I first saw Psycho in high school (many many [sigh] many years ago) and it didn't quite up to the hype for me at the time, knowing all the twists in advance. Psycho is (by Hitch's own admission) more-or-less a troll movie, with a big twist in the middle and another twist at the end to make people freak out and sort of just potboiler filler in-between. My admiration has gone up for its construction and rule-breaking and psychological bag of tricks in the intervening years but it's still not one I watch for fun a lot.

I think my current Top 5 is probably The Lady Vanishes*, The 39 Steps, The Lodger, Strangers on a Train and Rope (although I should re-watch Foreign Correspondent, I remember liking that one too).

*Green For Danger's an absolutely awesome movie written/directed by the writers of The Lady Vanishes, incidentally, if anybody's looking for a WWII Medical Drama/Murder Mystery.
 
Solid list! I gotta give Notorious another watch, I watched that back to back with Spellbound and a few others and they kind of run together for me.

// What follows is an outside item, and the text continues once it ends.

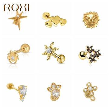 ROXI Small Stud Earrings for Women Heart Sunflowers Crown Spider Cross Lion Unusual Earring Piercing 925 Sterling Silver Jewelry

I first saw Psycho in high school (many many [sigh] many years ago) and it didn't quite up to the hype for me at the time, knowing all the twists in advance. Psycho is (by Hitch's own admission) more-or-less a troll movie, with a big twist in the middle and another twist at the end to make people freak out and sort of just potboiler filler in-between. My admiration has gone up for its construction and rule-breaking and psychological bag of tricks in the intervening years but it's still not one I watch for fun a lot.

I think my current Top 5 is probably The Lady Vanishes*, The 39 Steps, The Lodger, Strangers on a Train and Rope (although I should re-watch Foreign Correspondent, I remember liking that one too).

*Green For Danger's an absolutely awesome movie written/directed by the writers of The Lady Vanishes, incidentally, if anybody's looking for a WWII Medical Drama/Murder Mystery.
Solid list as well! Interesting that you mention Foreign Correspondent as it's one I'm very fond of, yet never liked the epilogue. I understand why it was there, wartime moral boost and all, but it's way too on the nose and lacks any cinematic or narrative value. If I were to do an one-cut edit of a Hitchcock film in the style of the ones you've been doing, this would be the one.

Gotta check out Green for Danger, for some reason I hadn't crossed paths with it. I mean, it has Alastair Sim, so I already know I'll enjoy it!